The format was developed in order to achieve an efficient/low-weight format that contains the minimum amount of information about a targeted amplicon analysis without losing any important data. Tools are generated around this table to generate certain fields that are important but not necessary to keep constantly stored in this base class (e.g. aggreated SNP/INDEL calls, aggregated allele frequencies). To increase portability and to keep data internally consistent, format was designed to be contained within a singular file in [JSON format](https://en.wikipedia.org/wiki/JSON) which removes the limitation of storing data only in a tabular format.

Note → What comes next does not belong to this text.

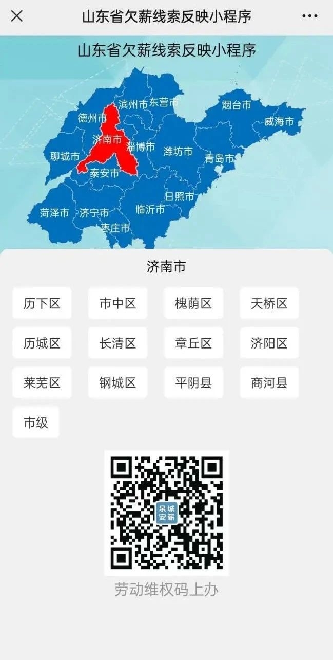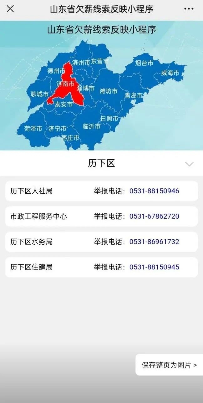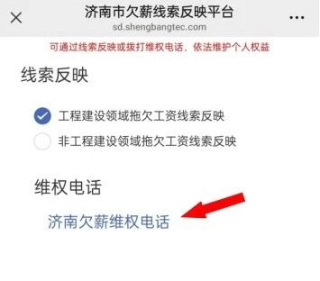 同时,在“欠薪投诉”维权入口,点击“济南欠薪维权电话”,可直接查看济南市各区县欠薪投诉电话,进行电话投诉。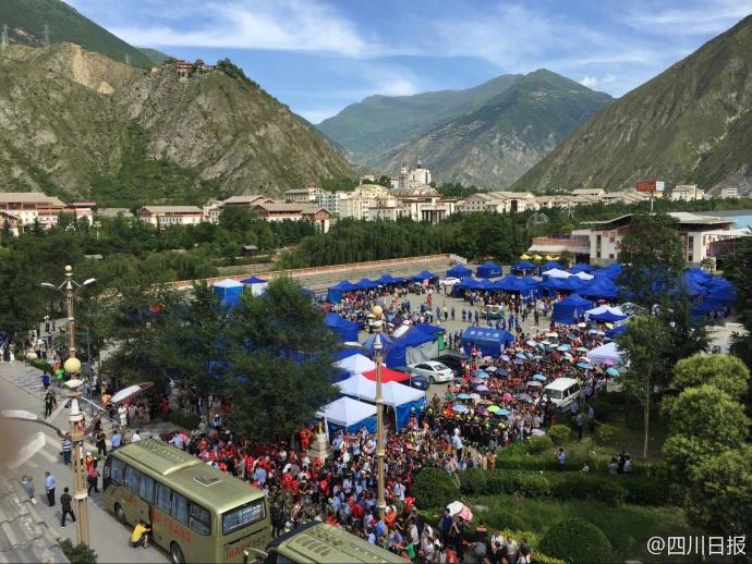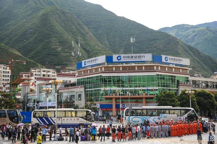 九寨沟县城广场民众排队乘80辆大巴撤离

Though output generated from this file can still be a table for downstream usage in other tools but by storing in the flexible JSON format this allows storage in non-redundant organization (e.g. storing the sequennce only once while storing other data in lists).

Format is defined by utilizing [LinkML](https://linkml.io/linkml/) to generate a general data scheme which creates various validation outputs like [JSON Schema](https://json-schema.org/) for validation tools. LinkML generates a website for viewing all fields defined in the format, <https://github.com/PlasmoGenEpi/portable-microhaplotype-object>. 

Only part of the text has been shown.